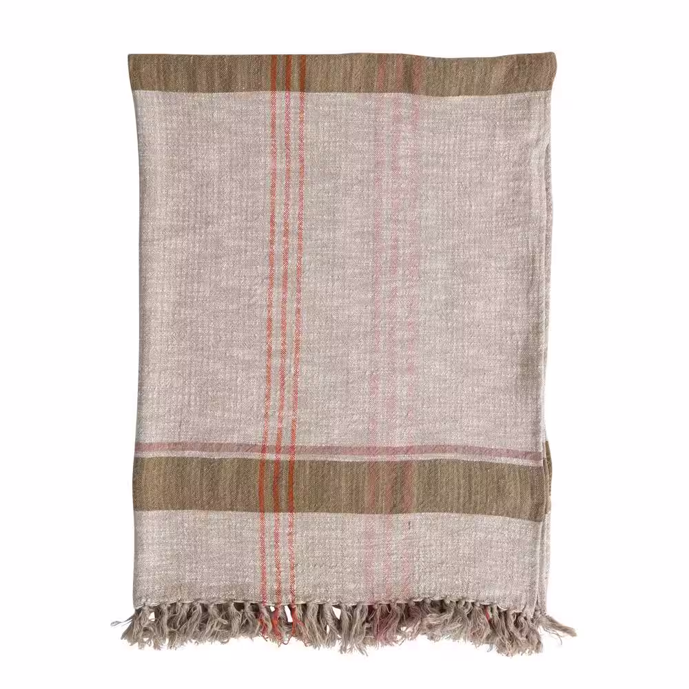 Storied Home Woven Cotton and Linen Multicolored Plaid Throw with Fringe
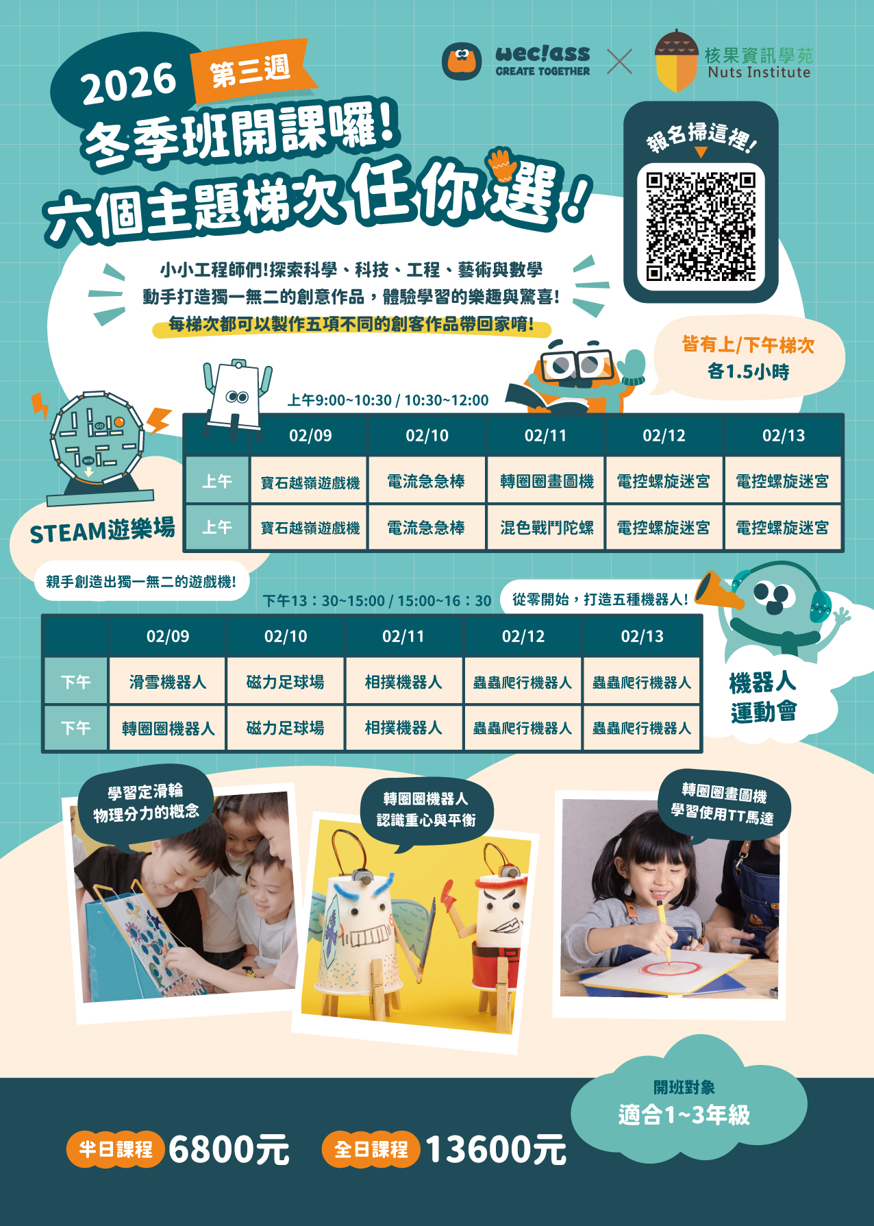 下午課程 (機器人運動會):下午 1 點半到下午 4 點半,可在教室待到晚上 6 點
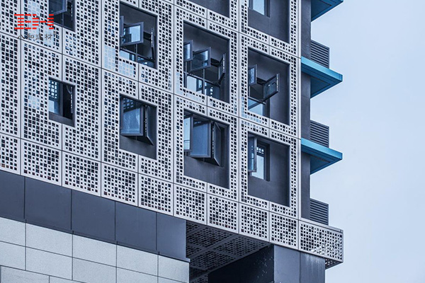 方孔鋁單板不同的洞口變化韻律使堅(jiān)硬冰冷的建筑附上了一層溫柔與綠意。方孔穿孔鋁單板讓堅(jiān)硬冰冷的建筑立面似乎活躍了起來(lái),為城市帶來(lái)了新的生活與空間。年輕、律動(dòng)、時(shí)尚,佛山兆陽(yáng)O³大廈像一面充滿(mǎn)綠意的二維碼佇立在禪城區(qū),成為一個(gè)充滿(mǎn)青春活力的新型城市坐標(biāo)。讓人們可以享受簡(jiǎn)單、時(shí)尚、自由、綠色的生活方式。
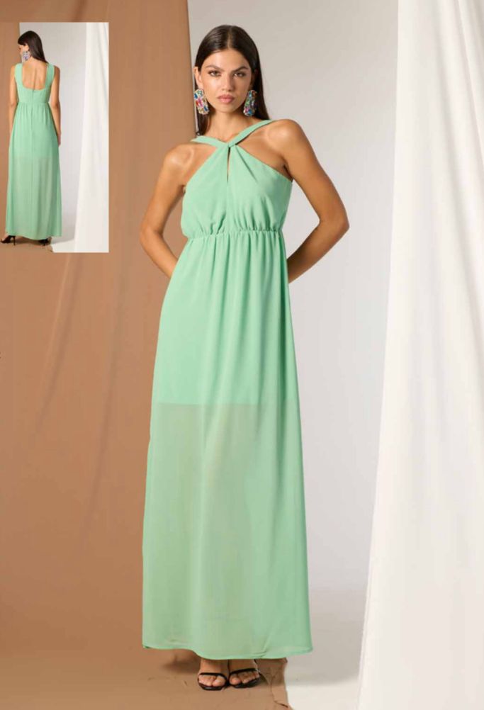 Fresco e femminile, questo abito lungo verde è perfetto per le giornate estive e le occasioni speciali. Caratterizzato da uno scollo incrociato con dettaglio annodato e apertura frontale, presenta una vita elasticizzata che definisce la silhouette. Il tessuto leggero e semi-trasparente dona movimento e leggerezza al look.
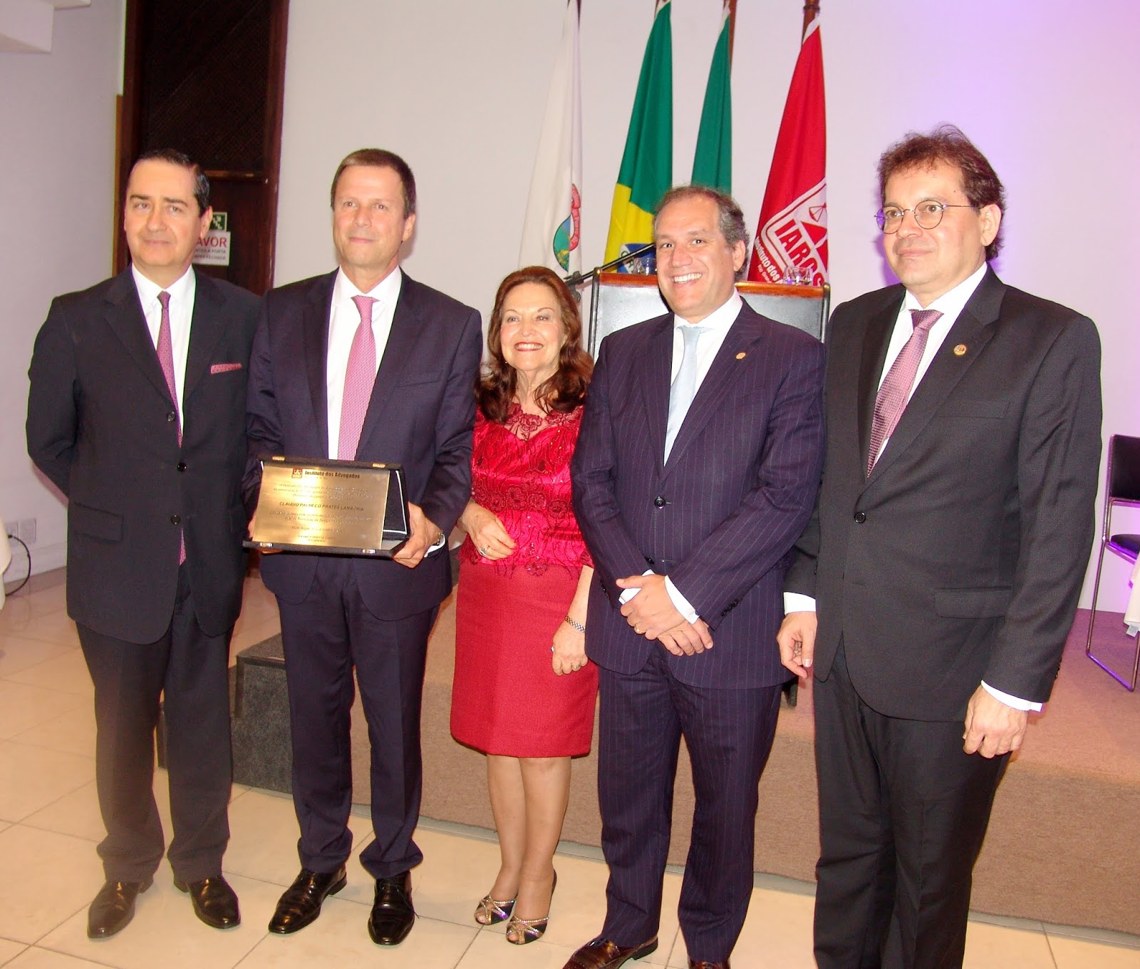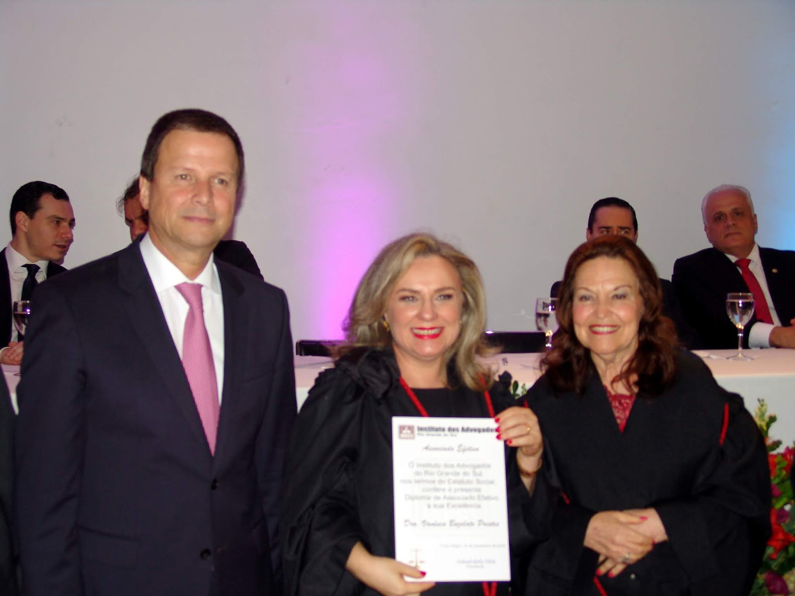 Em seguida, a Dra Sulamita, acompanhada de sua diretoria, procedeu a entrega da placa ao homenageado da noite, o Dr Claudio Pacheco Prates Lamachia. Compareceram os seguintes integrante do IARGS: Dra Alice Grecchi; Dr Avelino Collet; Dr Leonardo Lamachia; Dra Lucia Koppitk; Dra Ana Lúcia Piccoli; Dra Liane Bestetti; Dra Maria Isabel Pereira da Costa; e Dra Maria Izabel Beck.

== TASK DIRECTIONS ==
Every entry above is to be repeated word for word, with all pictures omitted.

== EXERCISE ANSWER ==
 Storied Home Woven Cotton and Linen Multicolored Plaid Throw with Fringe
 下午課程 (機器人運動會):下午 1 點半到下午 4 點半,可在教室待到晚上 6 點
 方孔鋁單板不同的洞口變化韻律使堅(jiān)硬冰冷的建筑附上了一層溫柔與綠意。方孔穿孔鋁單板讓堅(jiān)硬冰冷的建筑立面似乎活躍了起來(lái),為城市帶來(lái)了新的生活與空間。年輕、律動(dòng)、時(shí)尚,佛山兆陽(yáng)O³大廈像一面充滿(mǎn)綠意的二維碼佇立在禪城區(qū),成為一個(gè)充滿(mǎn)青春活力的新型城市坐標(biāo)。讓人們可以享受簡(jiǎn)單、時(shí)尚、自由、綠色的生活方式。
 Fresco e femminile, questo abito lungo verde è perfetto per le giornate estive e le occasioni speciali. Caratterizzato da uno scollo incrociato con dettaglio annodato e apertura frontale, presenta una vita elasticizzata che definisce la silhouette. Il tessuto leggero e semi-trasparente dona movimento e leggerezza al look.
 Em seguida, a Dra Sulamita, acompanhada de sua diretoria, procedeu a entrega da placa ao homenageado da noite, o Dr Claudio Pacheco Prates Lamachia. Compareceram os seguintes integrante do IARGS: Dra Alice Grecchi; Dr Avelino Collet; Dr Leonardo Lamachia; Dra Lucia Koppitk; Dra Ana Lúcia Piccoli; Dra Liane Bestetti; Dra Maria Isabel Pereira da Costa; e Dra Maria Izabel Beck.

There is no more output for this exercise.